(Entries taken from a collection)
Start of Block

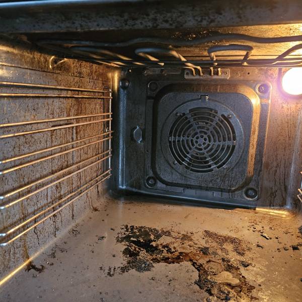 Eelsoojendage konvektsioonahi, grill või tavaline ahi umbes 30 °C-ni, seejärel lülitage ahi välja ja laske sellel veidi jahtuda. Võtke restid ja küpsetusplaadid välja, et pääseksite mugavalt kõigile pindadele ligi. Pühkige lahtine puru enne puhastamist ühekordse rätiku või majapidamispaberiga, et puhastusaine saaks toimida otse rasva ja kõrbenud jääkide kallal.
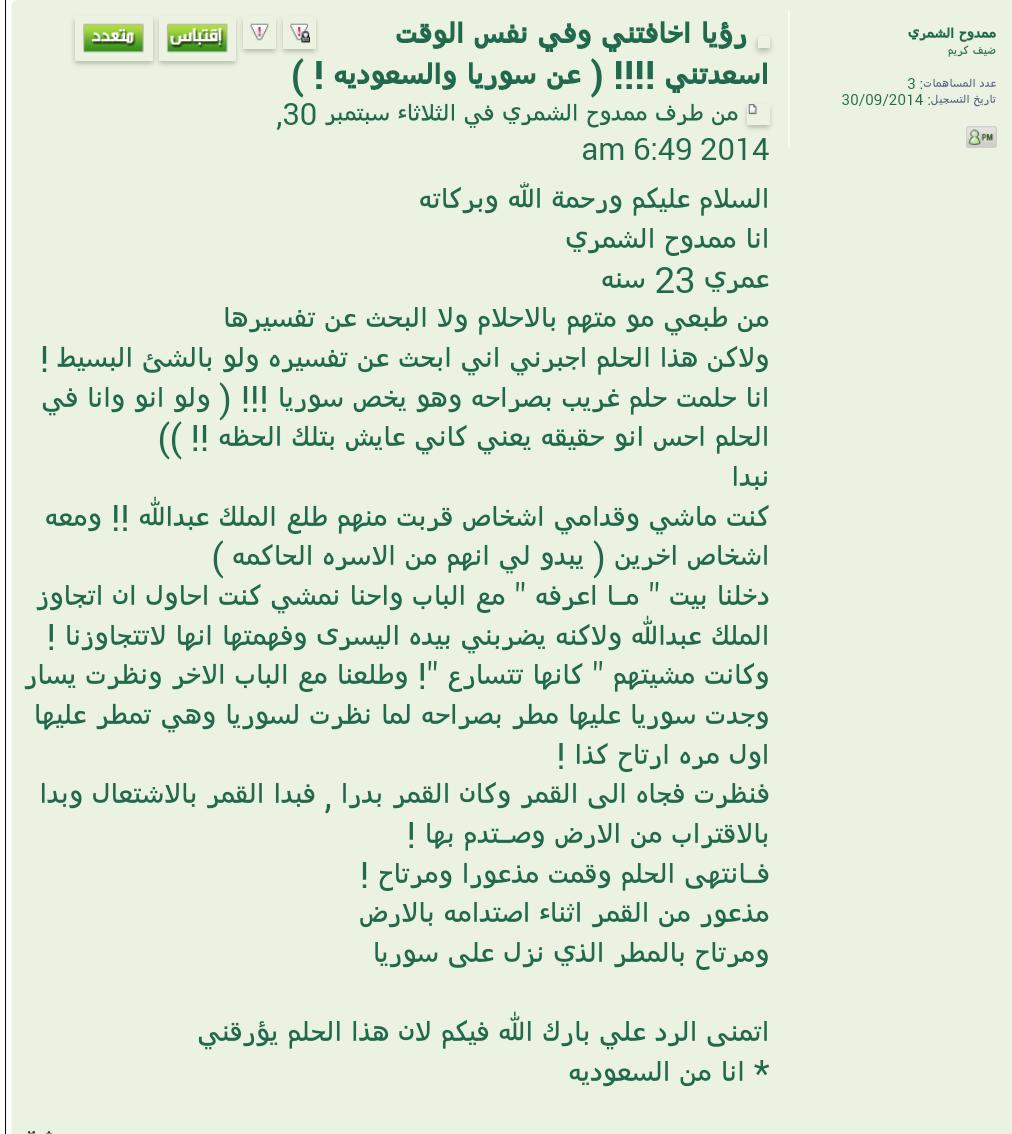 عنوان الرؤيا :رؤيا اخافتني وفي نفس الوقت اسعدتني !!!! ( عن سوريا والسعودية ! )
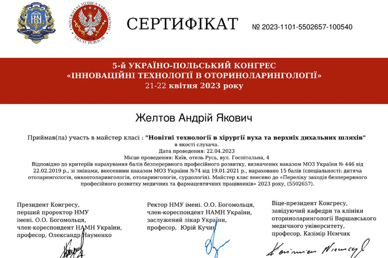 - Участь в майстер-класі “Інноваційні технології в хірургії вуха та верхніх дихальних шляхів”, 5 Українсько-Польський Конгрес “Інноваційні технології в оториноларингології”, м.Київ, 2023р.
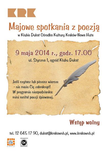 Spotkanie mionikw poezji w ogrodzie Klubu Dukat Orodka Kultury Krakw-Nowa Huta zarwno dla dorosych jak i modych ludzi wszystkich tych, ktrzy pisz, czytaj lub recytuj wiersze. Kady z goci bdzie mg zaprezentowa swoje ulubione utwory poetyckie lub wasne wiersze. W trakcie wydarzenia planowany jest mini recital modych wykonawcw poezji piewanej.
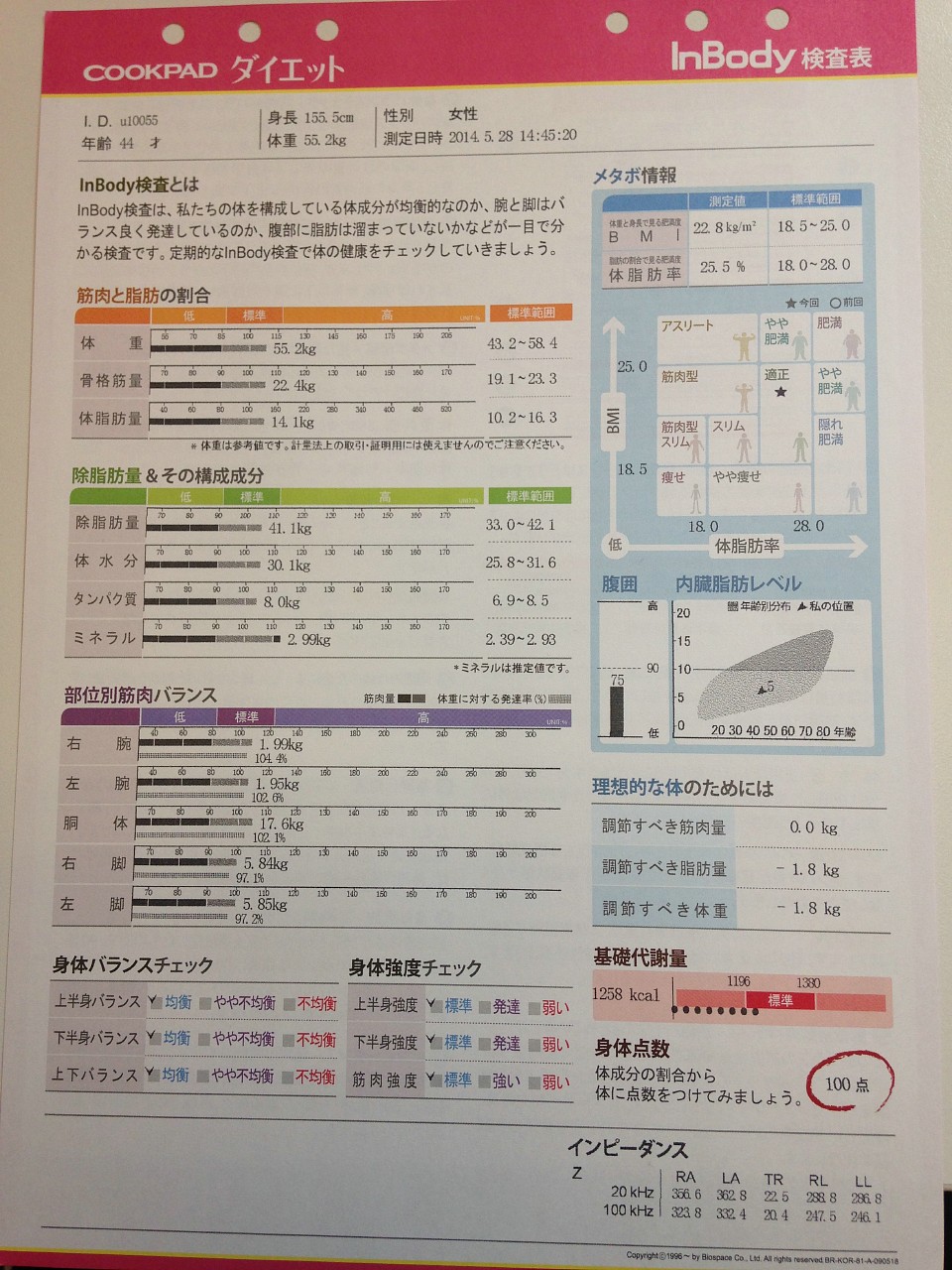私は埼玉在住時に、通っていたフィットネスクラブで三か月ごとにInBody測定していたが、自分の身体に関して非常~に細かなデータがとれる。
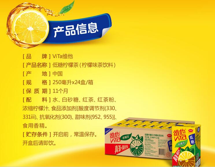 Regional Vita Low Sugar Lemon Tea 250ml*24 Box Fruity Drink Lemon Vitasoy
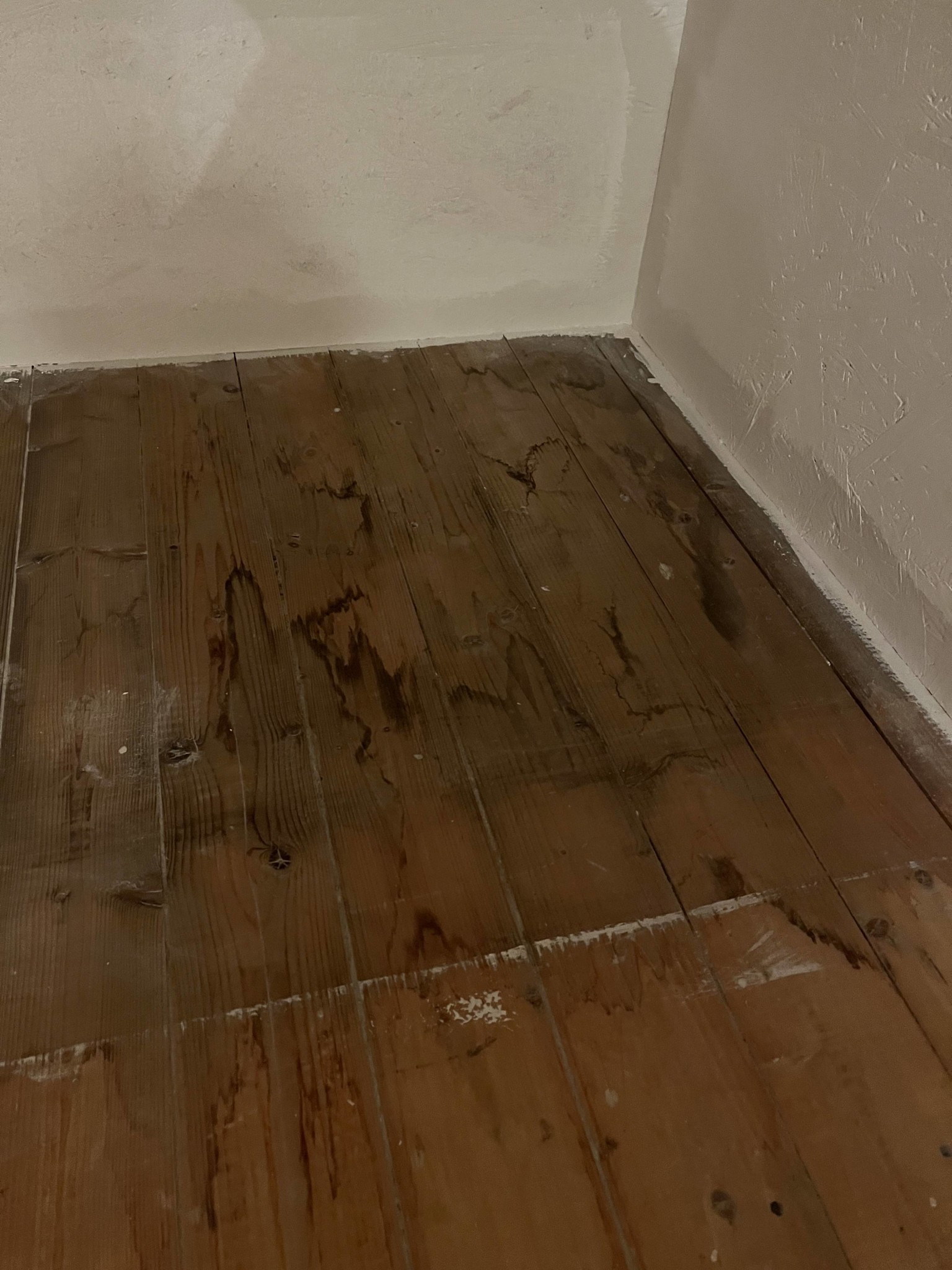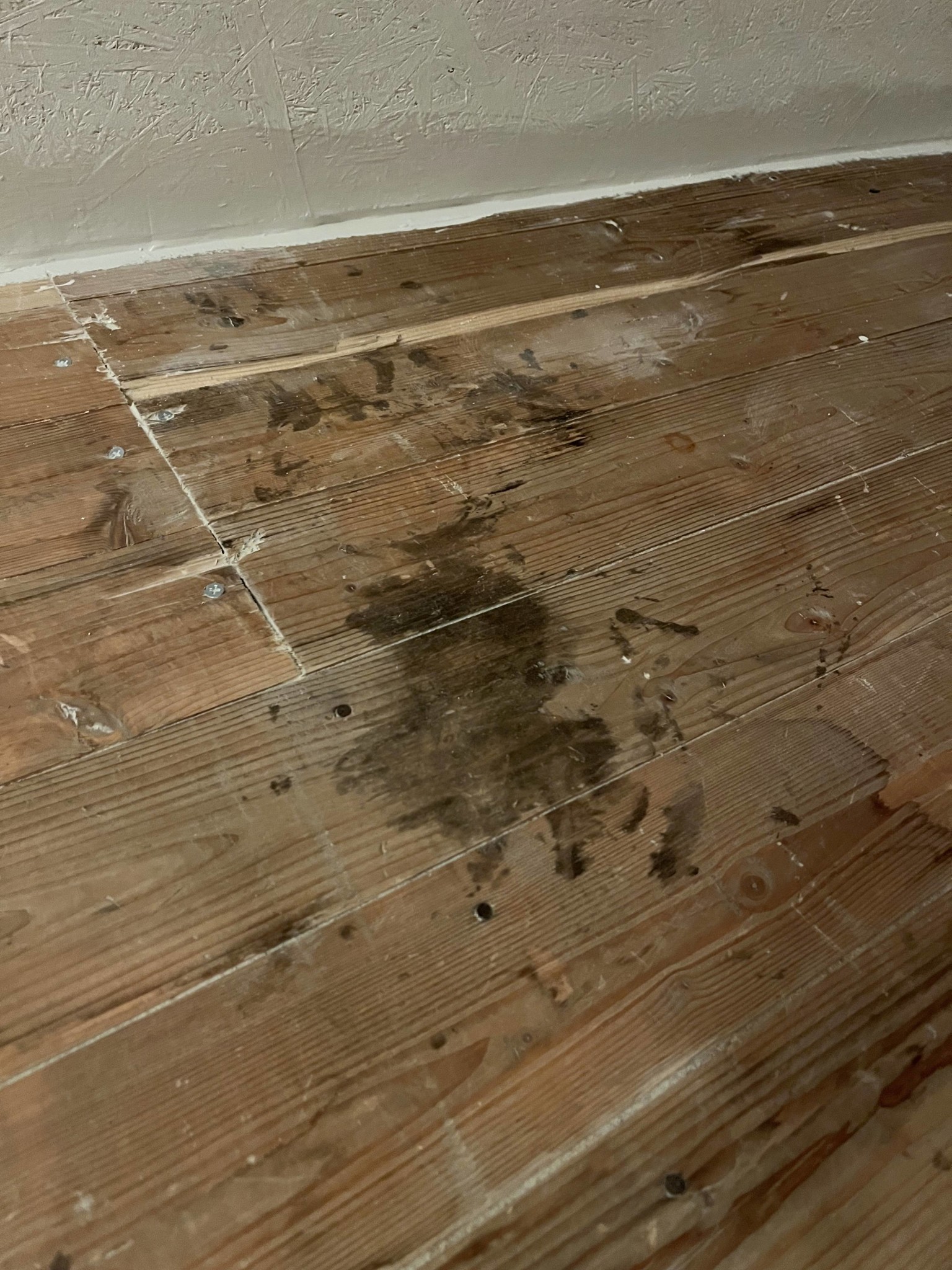 Jag tycker att det ser mer ut som att någon har spillt något och det har torkat in. Bild nr två har typiska ränder som det blir i kanten av spill som inte torkas upp direkt. Kanske taket som har läckt någon gång? Även vatten kan lämna fläckar och ränder på trä.
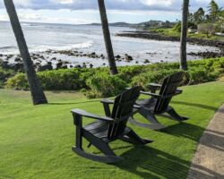 The next day, K wanted to take Jo into town for a girl’s day and massage.  They were able to make a reservation at a place in Lihue at one of the resorts.  I had been craving for some old world Hawaii, but since nobody else was into that sort of thing, I was left to my own devises.  Perfect!  I wanted to bring Kristen on a morning walk where I had explored before and Rick was up for it too, so the 3 of us headed out past Poipu Beach, and hit the Honu Bar outdoor restaurant of the Marriott Waiohai Beach Club.  It was super early and our waiter was cool.
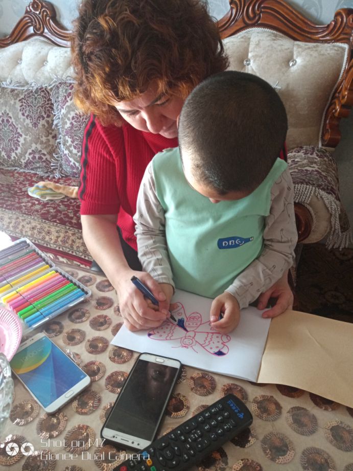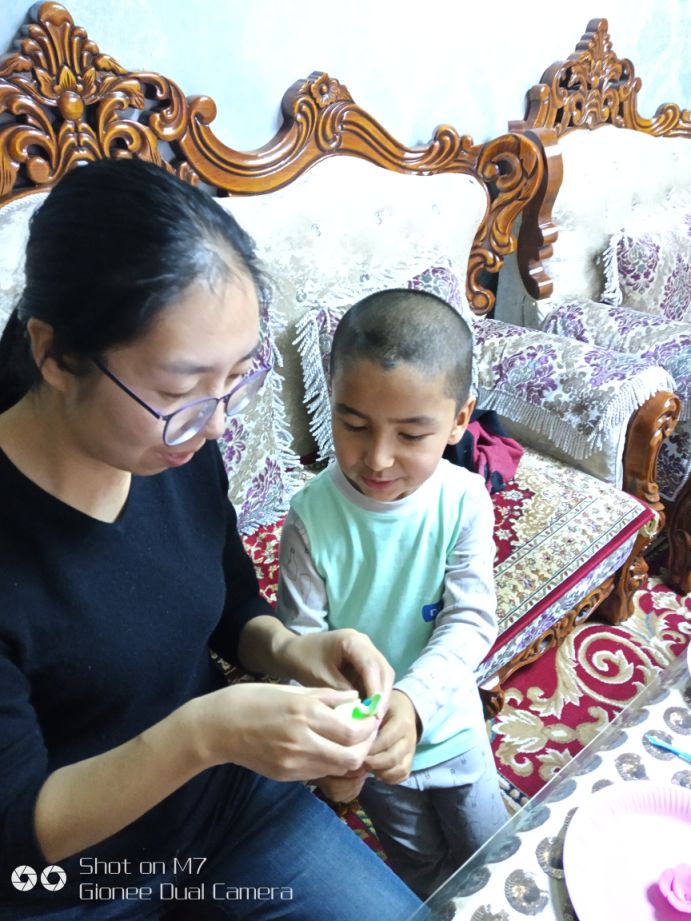 据了解,早热古丽这两天都在单位值夜班,所以木拉提·艾合木提晚上都是和特吾里克镇机关干部热孜万古丽和全海燕二人一起度过的。热孜万古丽和全海燕得知木拉提·艾合木提喜欢画画,特地带他去文具店买来了彩笔、画纸还有他最喜欢玩的彩泥。她们又从网上找了几个简单的简笔画图案,和木拉提·艾合木提一起画,还陪他玩彩泥,小家伙每天都兴奋的不得了。早热古丽说:“你们来了,我都不用担心孩子没人管了,上班也更踏实了。而且每天回来我儿子都很兴奋跟我说你们和他一起玩的事情,真是太好了!”

End of Block

*REQUIRED WORK:* Restate the entries verbatim, without pictures.

*SOLUTION:*
 Eelsoojendage konvektsioonahi, grill või tavaline ahi umbes 30 °C-ni, seejärel lülitage ahi välja ja laske sellel veidi jahtuda. Võtke restid ja küpsetusplaadid välja, et pääseksite mugavalt kõigile pindadele ligi. Pühkige lahtine puru enne puhastamist ühekordse rätiku või majapidamispaberiga, et puhastusaine saaks toimida otse rasva ja kõrbenud jääkide kallal.
 عنوان الرؤيا :رؤيا اخافتني وفي نفس الوقت اسعدتني !!!! ( عن سوريا والسعودية ! )
 - Участь в майстер-класі “Інноваційні технології в хірургії вуха та верхніх дихальних шляхів”, 5 Українсько-Польський Конгрес “Інноваційні технології в оториноларингології”, м.Київ, 2023р.
 Spotkanie mionikw poezji w ogrodzie Klubu Dukat Orodka Kultury Krakw-Nowa Huta zarwno dla dorosych jak i modych ludzi wszystkich tych, ktrzy pisz, czytaj lub recytuj wiersze. Kady z goci bdzie mg zaprezentowa swoje ulubione utwory poetyckie lub wasne wiersze. W trakcie wydarzenia planowany jest mini recital modych wykonawcw poezji piewanej.
私は埼玉在住時に、通っていたフィットネスクラブで三か月ごとにInBody測定していたが、自分の身体に関して非常~に細かなデータがとれる。
 Regional Vita Low Sugar Lemon Tea 250ml*24 Box Fruity Drink Lemon Vitasoy
 Jag tycker att det ser mer ut som att någon har spillt något och det har torkat in. Bild nr två har typiska ränder som det blir i kanten av spill som inte torkas upp direkt. Kanske taket som har läckt någon gång? Även vatten kan lämna fläckar och ränder på trä.
 The next day, K wanted to take Jo into town for a girl’s day and massage.  They were able to make a reservation at a place in Lihue at one of the resorts.  I had been craving for some old world Hawaii, but since nobody else was into that sort of thing, I was left to my own devises.  Perfect!  I wanted to bring Kristen on a morning walk where I had explored before and Rick was up for it too, so the 3 of us headed out past Poipu Beach, and hit the Honu Bar outdoor restaurant of the Marriott Waiohai Beach Club.  It was super early and our waiter was cool.
 据了解,早热古丽这两天都在单位值夜班,所以木拉提·艾合木提晚上都是和特吾里克镇机关干部热孜万古丽和全海燕二人一起度过的。热孜万古丽和全海燕得知木拉提·艾合木提喜欢画画,特地带他去文具店买来了彩笔、画纸还有他最喜欢玩的彩泥。她们又从网上找了几个简单的简笔画图案,和木拉提·艾合木提一起画,还陪他玩彩泥,小家伙每天都兴奋的不得了。早热古丽说:“你们来了,我都不用担心孩子没人管了,上班也更踏实了。而且每天回来我儿子都很兴奋跟我说你们和他一起玩的事情,真是太好了!”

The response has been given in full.